Unet models are often defined in terms of the number of filters in the contraction blocks (See Eq. 1), where F0 is the number of the filters on the first block, and i corresponds to the index of the block. Eq. 2 shows the number of filters on each expansion block where Ff is the number of filters on the last contraction block. The difference between the contraction and the expansion blocks is that the latter uses transposed convolutions instead of the regular convolutions used in the contraction stage. In our experiment F0 was set experimentally to 64.

$$\#Filters={F}_{0}\ast {2}^{i-1}$$
(1)
$$\#Filters=\frac{{F}_{f}}{{2}^{i}}$$
(2)

Kernel size in convolutional layers was set to 3 × 3, using he-normal for kernel initialization, and padding same. For the Maxpooling layers, the pool size was 2 × 2. The Dropout rate in the first blocks of each stage was 0.1, 0.2 for the third and fourth blocks, and 0.3 for the last block. The kernel size was reduced to 2 × 2 on the transposed convolutional layers, with a stride of 2 × 2, and padding same. Finally, the last convolutional layer uses one filter of kernel size 1 × 1.

Data distributions for the experiments

• Seed 1:

- Train, 3,213: negatives, 1,389; positives, 1,824

- Test, 701: negatives, 303; positives, 398

• Seed 2:

- Train, 3,237: negatives, 1,409; positives, 1,828

- Test, 685: negatives, 299; positives, 386

• Seed 3:

- Train, 3,211: negatives, 1,389; positives, 1,822

- Test, 730: negatives, 300; positives, 430

Results

Image classification problems have been solved using CNNs. In this work, different CNN-based models are present in the Keras library, which includes MobilNet22, Xception23, EfficieNet24, VGG1625, VGG1925, InceptionResNetV226, InceptionV326, DenseNet20127, ResNet152V228, ResNet5029, among others, were used, where all models were tested, and the three best models were chosen with each seed. With each of these models, transfer learning was used to improve the training resource requirements and the accuracy and convergence. Model weights were obtained by training on ImageNet, a dataset with millions of images and 1000 possible labels30. Four dense layers were used for classification, using 1024 neurons in the first dense layer, 512 in the second layer, 64 in the third, and 2 in the fourth dense layer. The activation function used for the first three dense layers is ReLu and Softmax for the fourth dense layer.
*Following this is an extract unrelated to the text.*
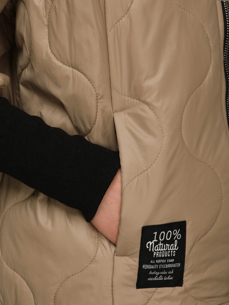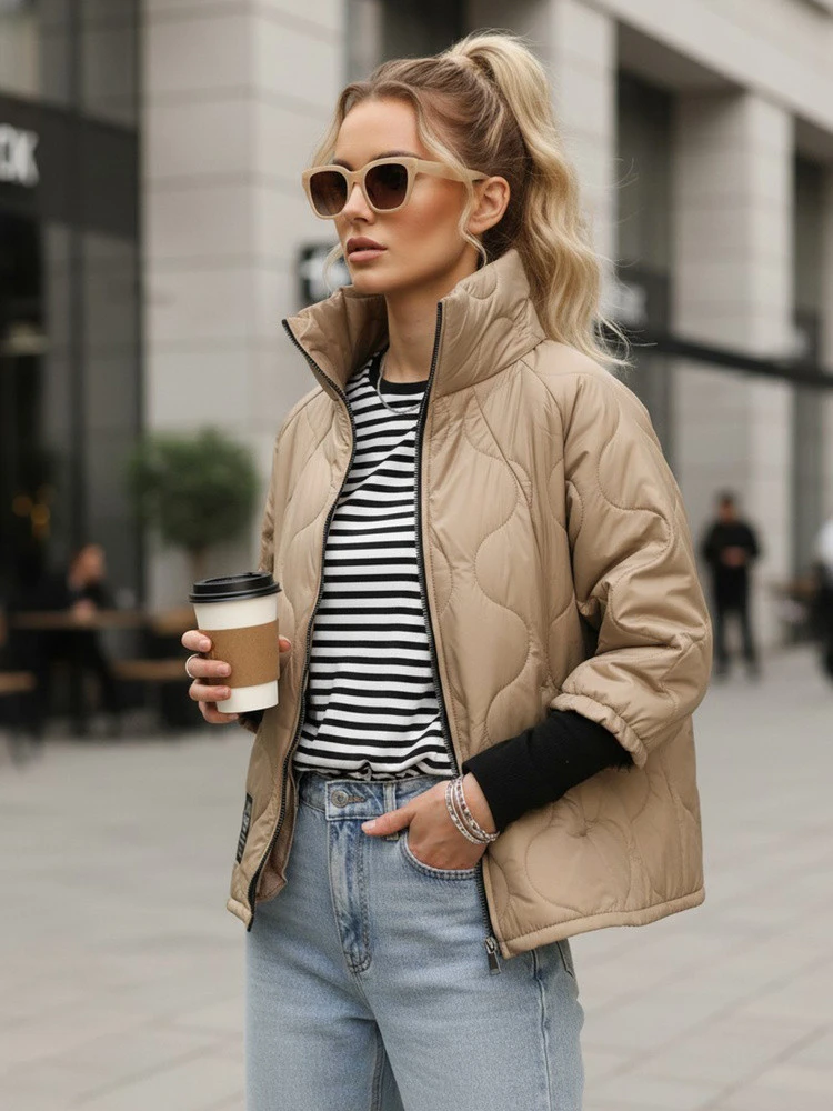 Lehká izolace a prošívaný tvar zajišťují tepelný komfort při mírně chladných podmínkách.

Adam optimizer with a learning rate of 0.0001 and Categorical Crossentropy is used.

Tables 1, 2 show the experimental results with the test data and each partition seed. The results achieved in the different experiments proposed are encouraging, with accuracies about 87% and 84% for the best models, especially when taking into account the homogeneity in the acquisition conditions on the images for both classes, using the same radiology equipment and a similar distribution of gender and age, which leads to thinking of a true detection of COVID-19 disease. It is worth mentioning, that these results may be valuable in terms of establishing a benchmark that allows comparison with future experiments.

Usage Notes

For convenience, the dataset can be downloaded in three image modalities for both the positive and negative COVID-19 parts:

• Images downloaded directly from XNAT, including the organization shown in Fig. 2, with images in DICOM format.

• MIDS format shown in Fig. 3.

• Preprocessed and stored in numpy array format to perform the experiments.

We encourage researchers to use this dataset to validate the performance of ML or DL models, aiming for true generalization in the detection of the disease. Although the results presented here when using CNNs for classification on the dataset are encouraging results, it is recommended to make more combinations and tests with it, being the decision of each researcher how to use it.